Tenía lista para entregar otra columna el miércoles, como siempre, pero la noticia me hizo esperar un día más para comprobar si tal cosa era posible, si se iba a atrever. Y así ha sido: la maldita aurora ha vuelto a despuntar; ni el cielo ni esas nubes que tanto amabas han concedido un día de duelo. Amanece sabiendo que no podrás apresarlo en foto con tu inquieta mirada, desde el cerro. Amanece, aunque el día que se anticipa venga falto de interés sin tu fina ironía, sin tu omnímodo conocimiento. Amanece cruel, dulce e inclementemente.
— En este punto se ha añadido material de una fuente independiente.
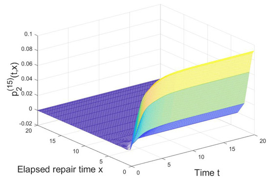 Figure 1 indicates that the probability of the system in each state will gradually tend to stable as time increases, which corresponds to the fact that the solution of system (21) and (22) gradually tends to a steady-state solution as t tends to infinity. On the other hand, Figure 2 plots the dynamical behaviour of with . Figure 2 shows that for any fixed t, as x grows. This situation agrees with for any given time t and also conforms to reality. As a result, Figure 1 and Figure 2 show that, by using a few nodes, the approximation solution for the software rejuvenation system (21) and (22) on bounded t-intervals can be derived.

Tenía un libro a medias en la mesilla y me doy cuenta de que no deseo acabarlo, sino gastar el tiempo hojeando las decenas de otros que pueblan mi biblioteca gracias a ti, recordando por qué y en qué momento me los recomendaste, persiguiendo otra vez tu voz en sus líneas. Quedan mudos en los estantes, huérfanos de tu voracidad lectora, sabedores de ser restos de una sapiencia antigua de la cual eras heraldo en extinción.
Tenía pensado escribir algún tuit que imaginaba ingenioso o transgresor, pero ya no estás para traerme de vuelta si me endioso, en esos comentarios tuyos con la dosis justa de recriminación. A veces —pocas, pero qué magníficas— me dabas una virtual palmada en la espalda. ¿Cómo navegar ahora sin ti, compañero desde hace más de veinticinco años? ¿Quién recordará tus originales seudónimos de los viejos foros? ¿Dónde aprenderemos la crítica certera, la respuesta inteligente, el adjetivo preciso, la invención que luego todos nos apropiábamos?
Tenía tanto de qué charlar la próxima vez que el azar nos hiciese coincidir; siempre una sorpresa, siempre una alegría. De tanto en común: lo taurino, quién ganará la Vendée este año, viajes hechos y por hacer, el tiempo —tu pasión—, la vida, los recuerdos. Nunca de política, a veces de políticos. Me faltarán tu sonrisa y tu bonhomía, cayado en ristre y sombrero de paja calado.
Tenía agendados actos, inauguraciones, exposiciones, visitas a monumentos, pero me doy cuenta de que la ciudad que significan no será igual sin tu mirada. La has entendido, amado y glosado como pocos, aunque nadie te dedicará una calle, una plaza, cuatro páginas de un cronista. Ni un parque; un parque estaría bien. Cunqueirista como eras —te has ido, como él, con setenta años— podríamos aventar allí tus cenizas y grabar en una placa su epitafio: «Aquí yace alguien que con su obra hizo que Ávila durase mil primaveras más».
Tenía pensado dedicarme a mis asuntos, seguir con la vida, atender lo perentorio en vez de lo importante, darme al día y sus quehaceres. Pero amanece, y el alba, con rojo arrebol, me castiga hoy, me castigará todos los días por venir a recordar tu ausencia, Bernardo. Gracias, maestro.